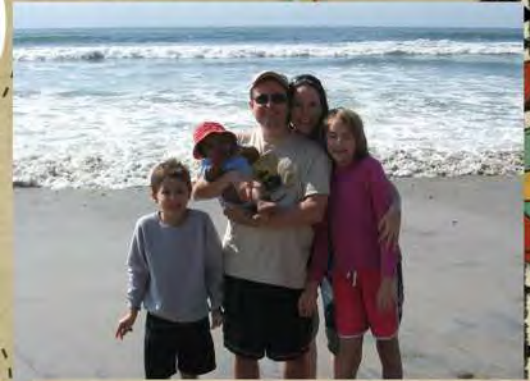
Our Beach Vacation
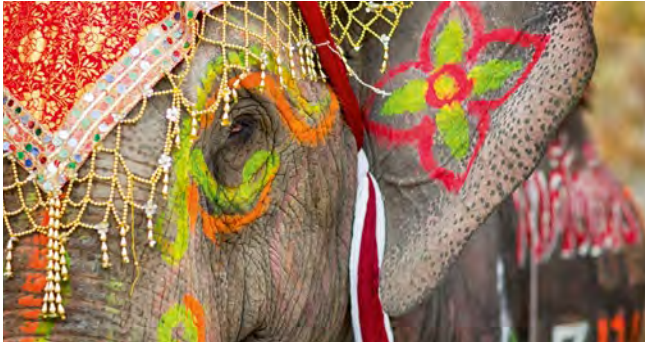
Elephants in traditional make-up: Hinduism deems them sacred—they represent loyalty, power, fertility, and wisdom.
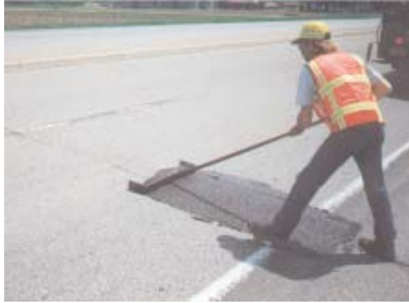
2 Strike off slurry material.
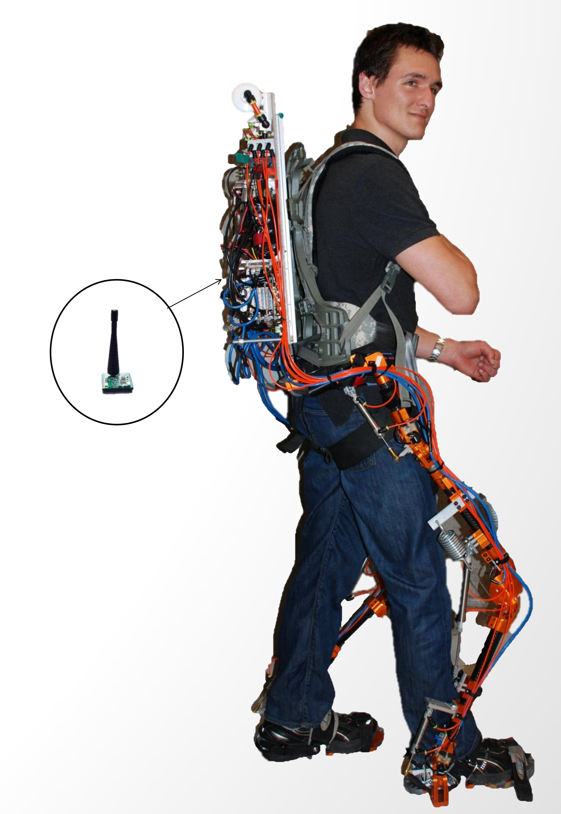
Concept of Wireless LEX System.

This work was sponsored by the National Science Foundation, SURF-IT (<u>surf-it.soe.ucsc.edu</u>) Research Experience for Undergraduates Program. NSF grant Award No. CNS-0852099. In addition, thanks to the University of California, Santa Cruz.
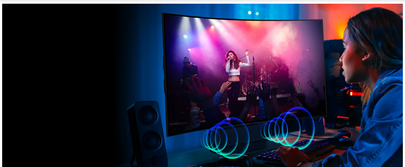
Figure 4.5: Adjustable screen sizes for various gaming needs.
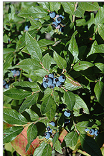
Lowbush Blueberry fruit

Lowbush Blueberry features dainty clusters of white bell-shaped flowers with shell pink overtones hanging below the branches in mid spring. It has dark green deciduous foliage. The oval leaves turn an outstanding scarlet in the fall. It features an abundance of magnificent blue berries in mid summer.
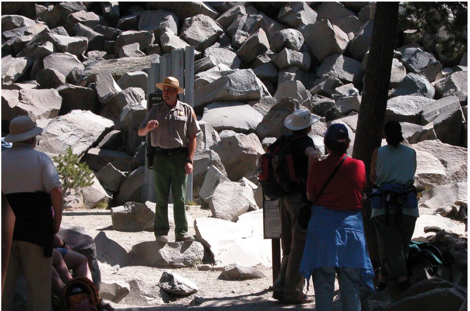
Ranger talk at the Postpile

Alternative A is the “no action” alternative and assumes that existing management, programming, facilities, staffing, and funding would generally continue at their current levels. A no action alternative is required by the National Environmental Policy Act and serves as a baseline for comparison in evaluating the changes and
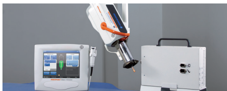
MEDRAD® Arterion Overhead Counterpoise*
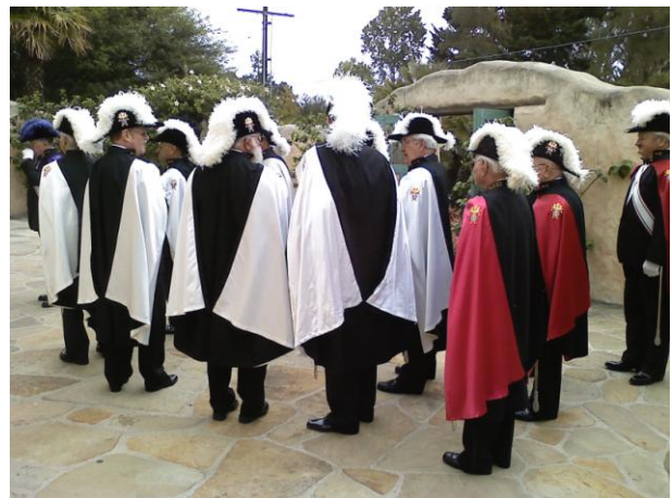
The Color Corps is getting into formation.
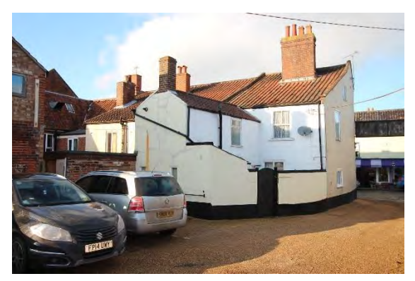
Rear elevation of No.37 Earsham Street
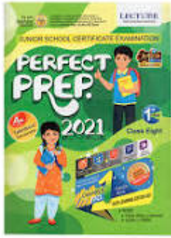
Figure Lecture Guide For Class Eight (5 Parts)

Lecture Guide Class 5 - ?????? ???? ?????-?, ?????? ???? ?????-?, , Edition: 2024, Price: Tk 800.00, Publisher: Lecture Publication, Bangladesh, Subject: ????? ?????? Class Five. eboighar.com/en/booksdetails/63029
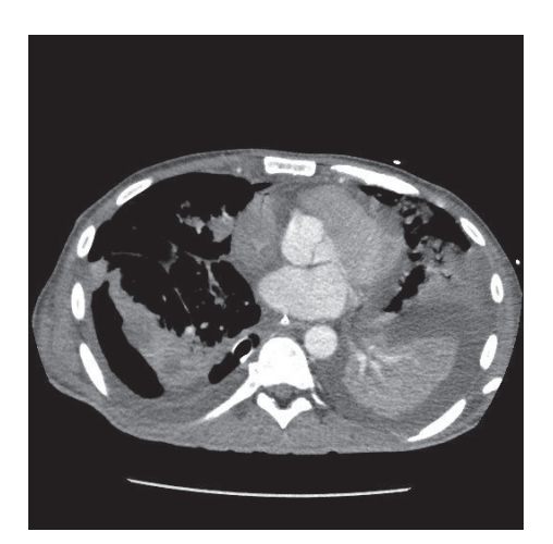
FIGURE 3: Left sided empyema and left lower lobe collapse prior to drainage.

many Gram-positive rods resembling Lactobacilli. Cultures from the pleural fluid obtained during the VATS procedure grew Lactobacillus gasseri. Antibiotics were deescalated to piperacillin-tazobactam alone. Postoperatively his course was complicated by acute respiratory distress syndrome (ARDS) and repeated CT chest imaging showed left sided empyema and left lower lobe collapse (Figure 3) and a left chest tube was placed for drainage on hospital day 8. Left lung pleural fluid cultures also grew L. gasseri. The laboratory methods for the sputum culture and pleural fluid aerobic culture (from both right and left lung pleural fluid) were a send-out test to a larger teaching hospital that our community hospital is affiliated with. Both cultures were identified as GP bacilli, alpha colony, Lactobacillus gasseri susceptible to penicillin [1]. Pleural biopsy revealed reactive mesothelial cells and acute and chronic inflammation.
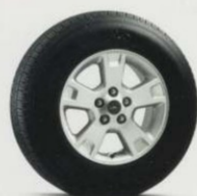
16" Aluminum Wheel Standard on XLT
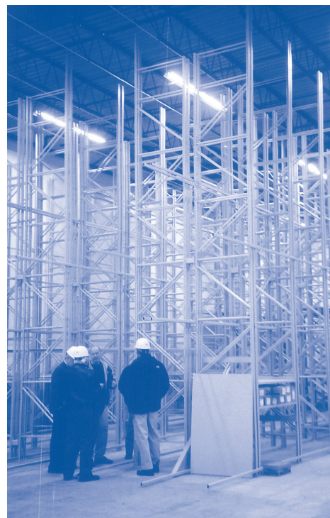
A view of a large storage bay in the Annex during construction

Detailed information about the new Library Collections Annex is available on the Brown Library website at: www.brown.edu/Facilities/University_Library/lib/annex/index.html
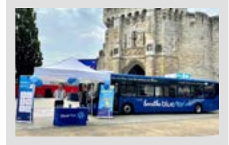
Bluestar Bargate promotional event
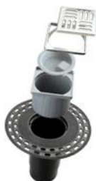
TPE roof drain with side or vertical exit
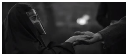
Fig.1 PSA on Child Marriage in South Asia

and emotional message. However, the video does not contain any clips that support the texts that are included in the video. This makes the video somehow looks not properly planned.
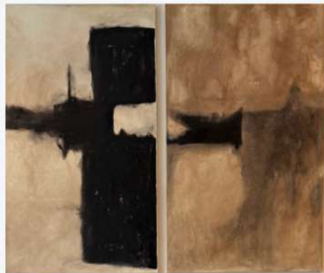
May Do 01 Seasons, 2025 Acrylic and plaster on canvas 36" x 60" in each diptych $32,200
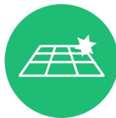
Easy PV System Design
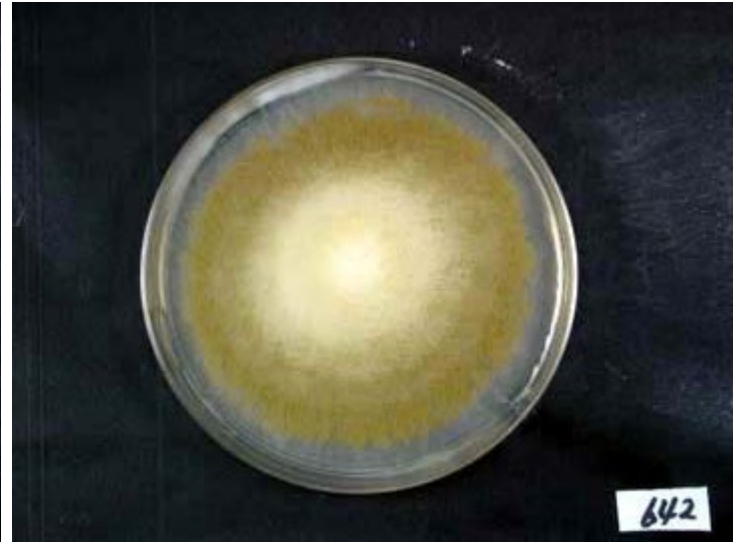
Colony on koji extract plate
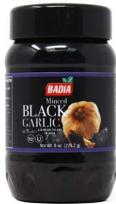
MINCED BLACK GARLIC IN WATER - 61221 6/8 OZ
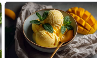
Protein fruity ice cream with cottage cheese
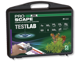
JBL Testlab ProScape

Test case for water analysis in plant aquariums
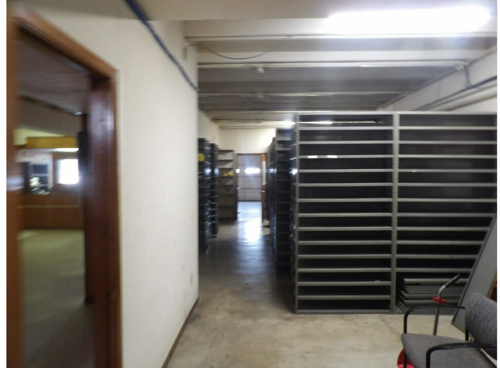
File Room 1812 Wayside
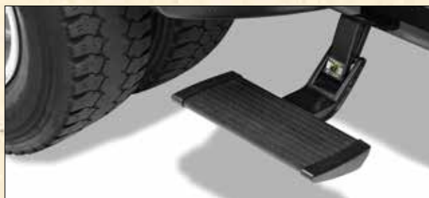
Part # 75407-15 shown on Dodge Ram extended

**Instructions to follow:** Please report how many lines in the listing above contain the word "Class", and give nothing but the number.

**Answer section:** 2